**Given information**
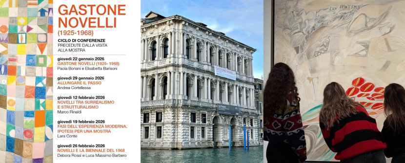 Dal 22 gennaio al 26 febbraio 2026, a Ca' Pesaro - Galleria Internazionale d'Arte Moderna di Venezia si terrà un ciclo di conferenze preceduto da visita guidata alla mostra “GASTONE NOVELLI (1925-1968)”.
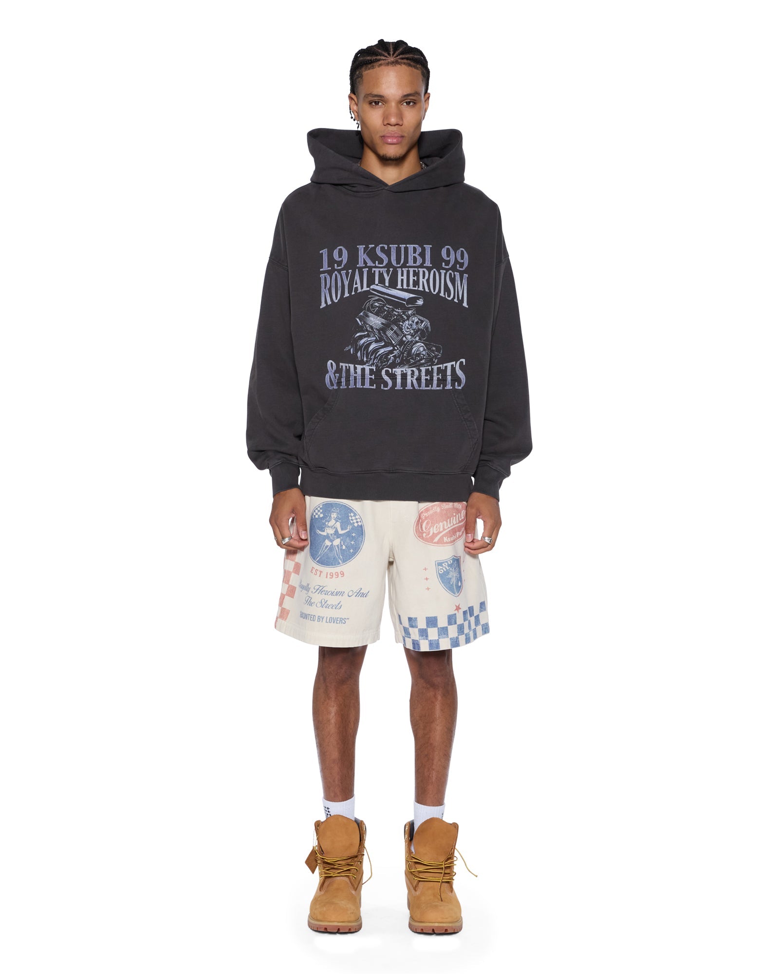 The Pit Lane Life Short Printed is a regular fit elastic waist short with a drawstring front, cutaway pockets, and a single back patch pocket. Cut from an overdyed nailhead canvas in a tan colour with a stone wash, it features seasonal artwork printed on the front and back, finished with signature T-box and 4x4 embroidery branding and Ksubi branded hardware.
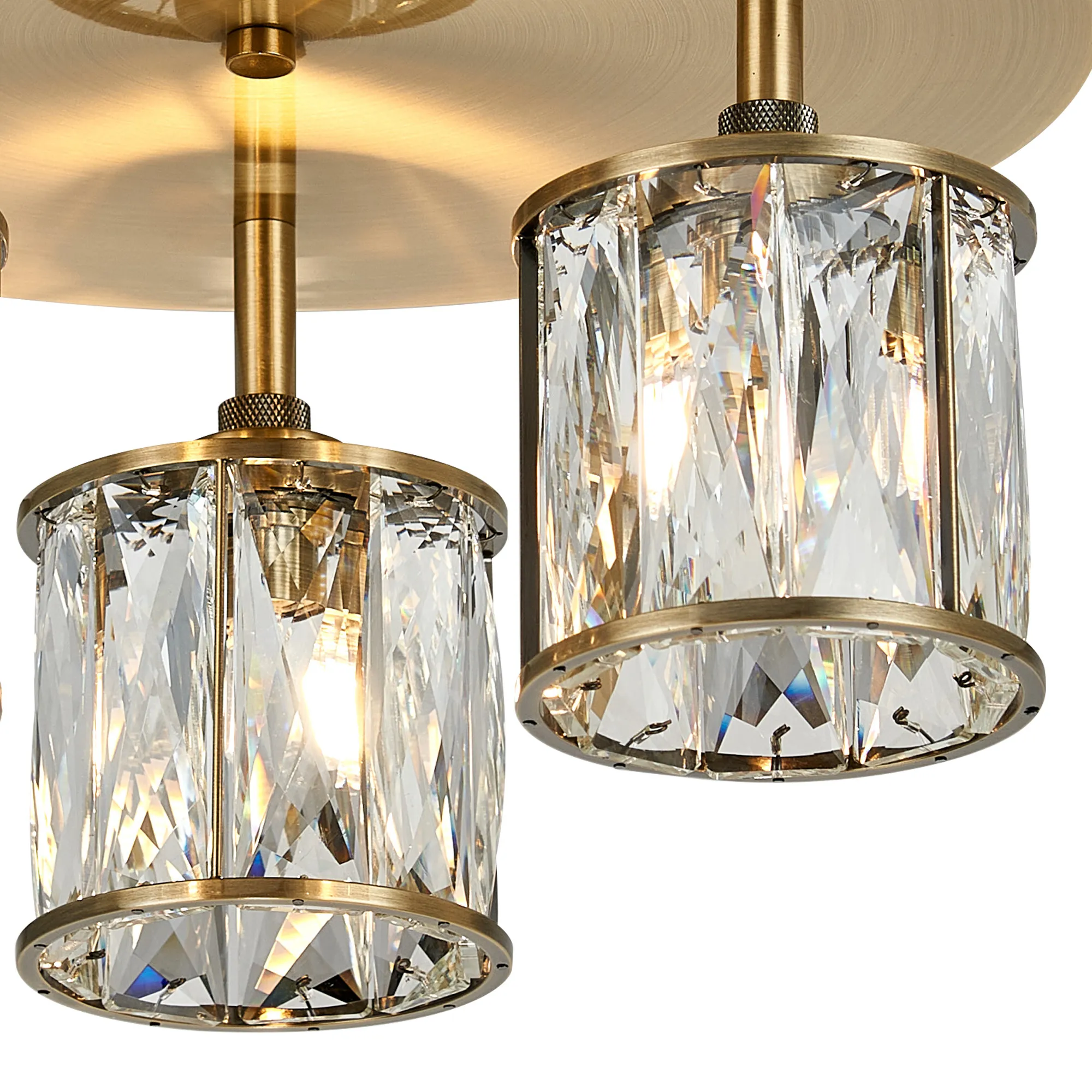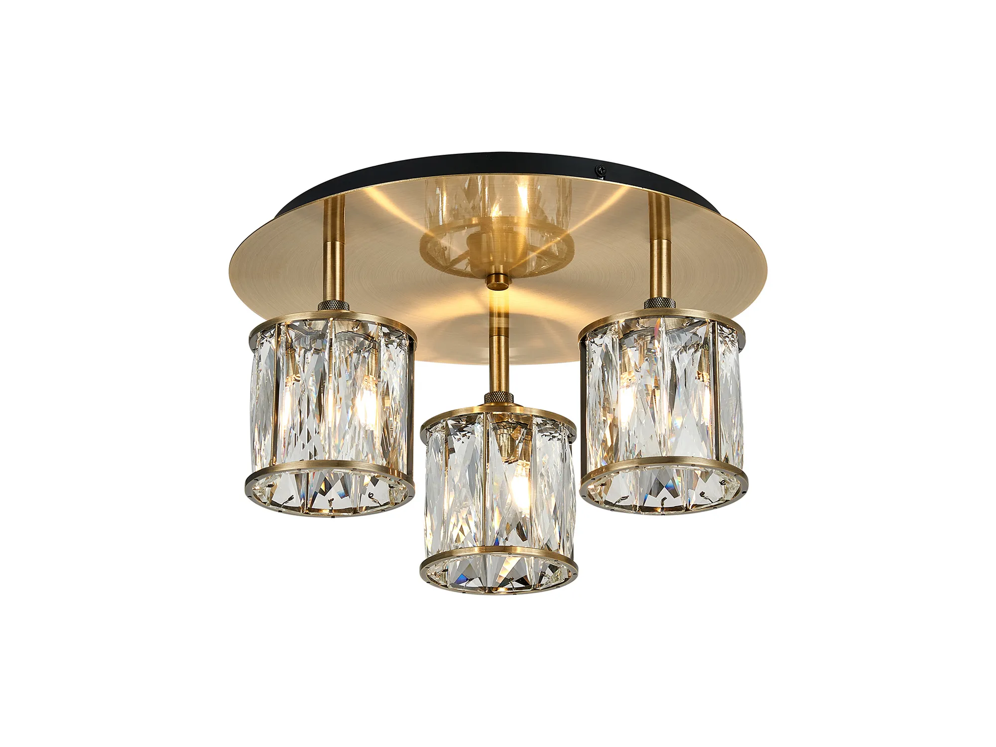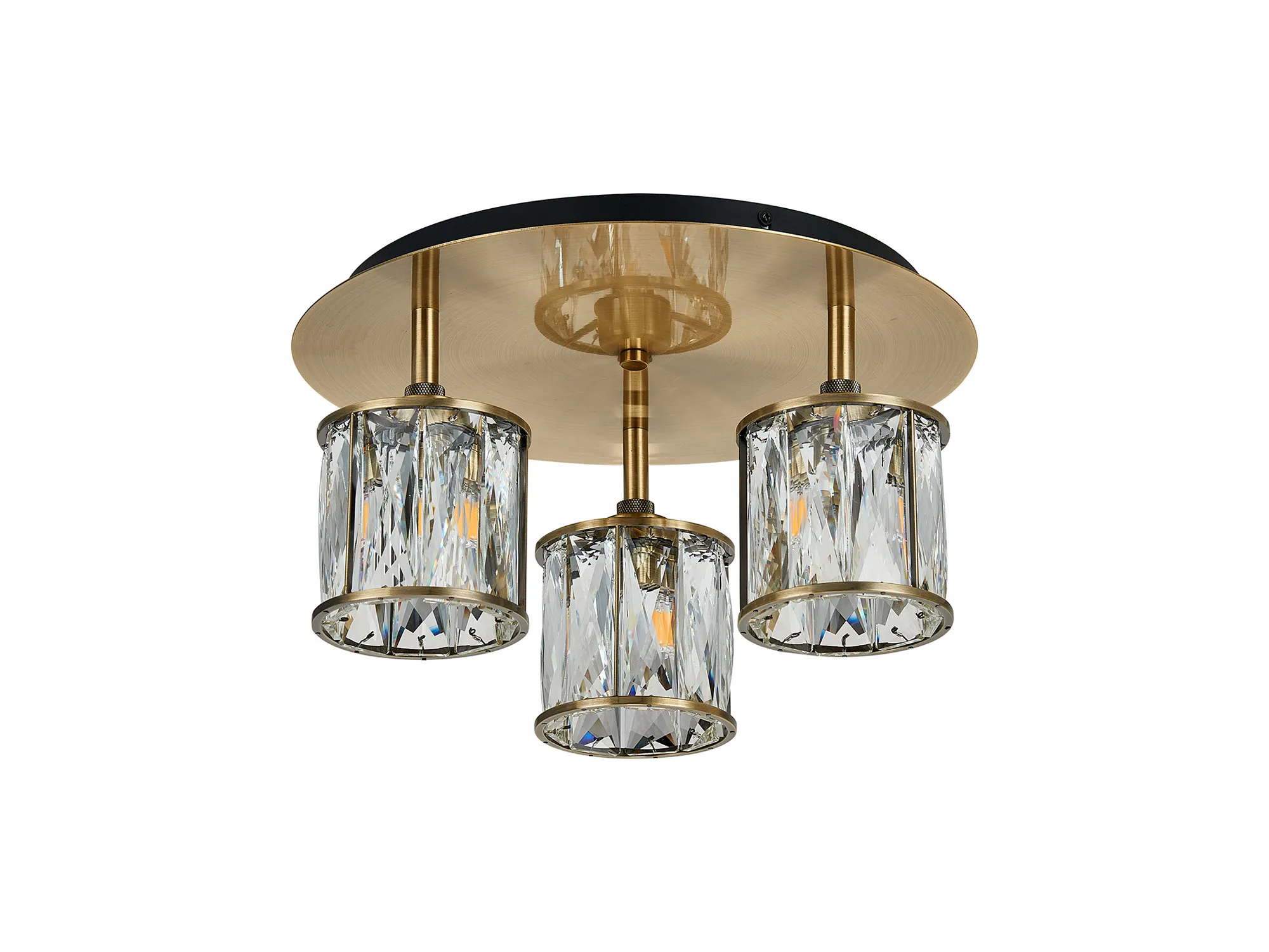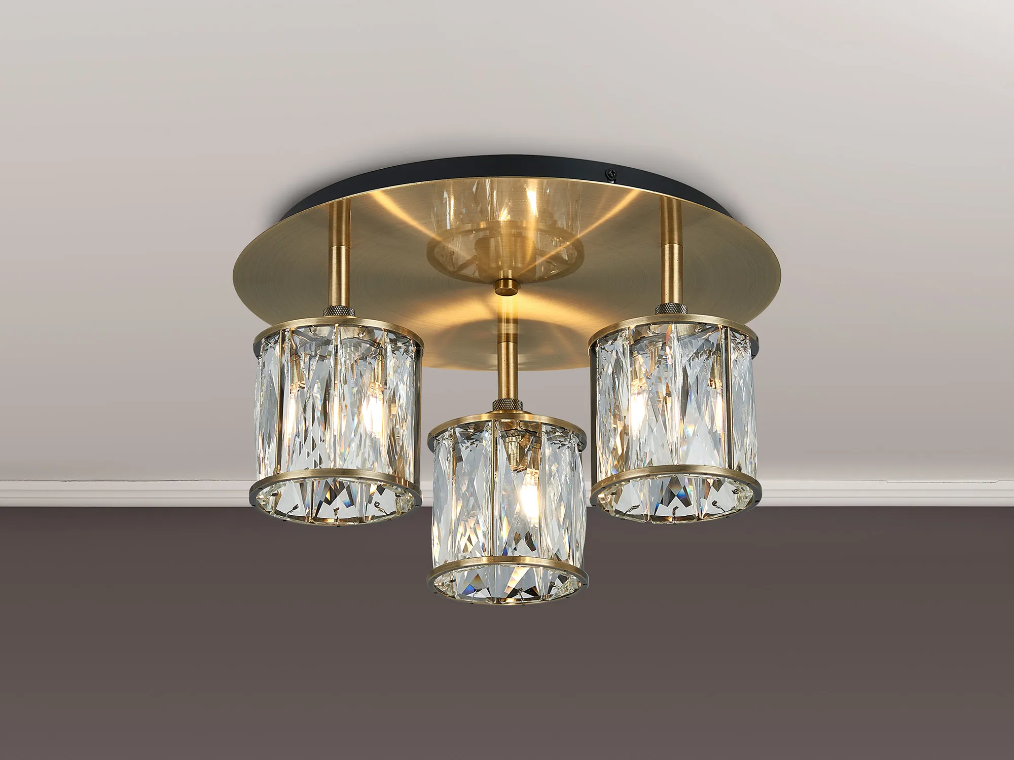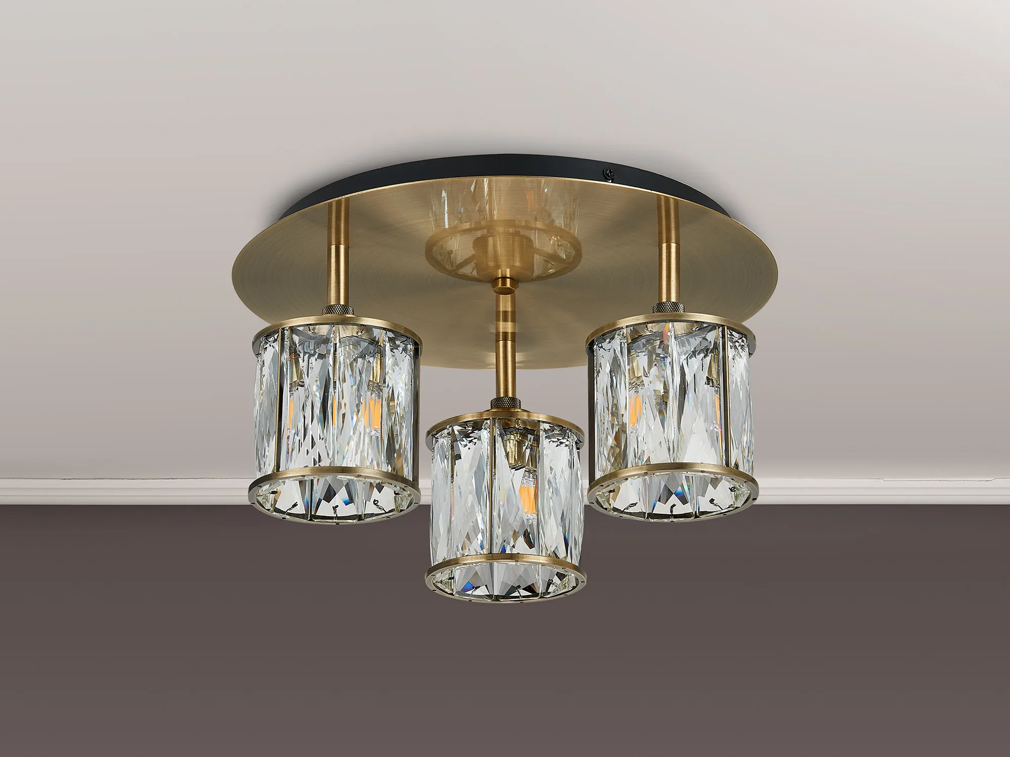 Kiwitea Antique Brass Round 3 Light G9 Universal 35cm Flush Light (FRAME ONLY), For A Vast Range Of Glass Shades

**Task requirements**
Please return the lines above exactly, with the pictures omitted.

**Exercise response**
 Dal 22 gennaio al 26 febbraio 2026, a Ca' Pesaro - Galleria Internazionale d'Arte Moderna di Venezia si terrà un ciclo di conferenze preceduto da visita guidata alla mostra “GASTONE NOVELLI (1925-1968)”.
 The Pit Lane Life Short Printed is a regular fit elastic waist short with a drawstring front, cutaway pockets, and a single back patch pocket. Cut from an overdyed nailhead canvas in a tan colour with a stone wash, it features seasonal artwork printed on the front and back, finished with signature T-box and 4x4 embroidery branding and Ksubi branded hardware.
 Kiwitea Antique Brass Round 3 Light G9 Universal 35cm Flush Light (FRAME ONLY), For A Vast Range Of Glass Shades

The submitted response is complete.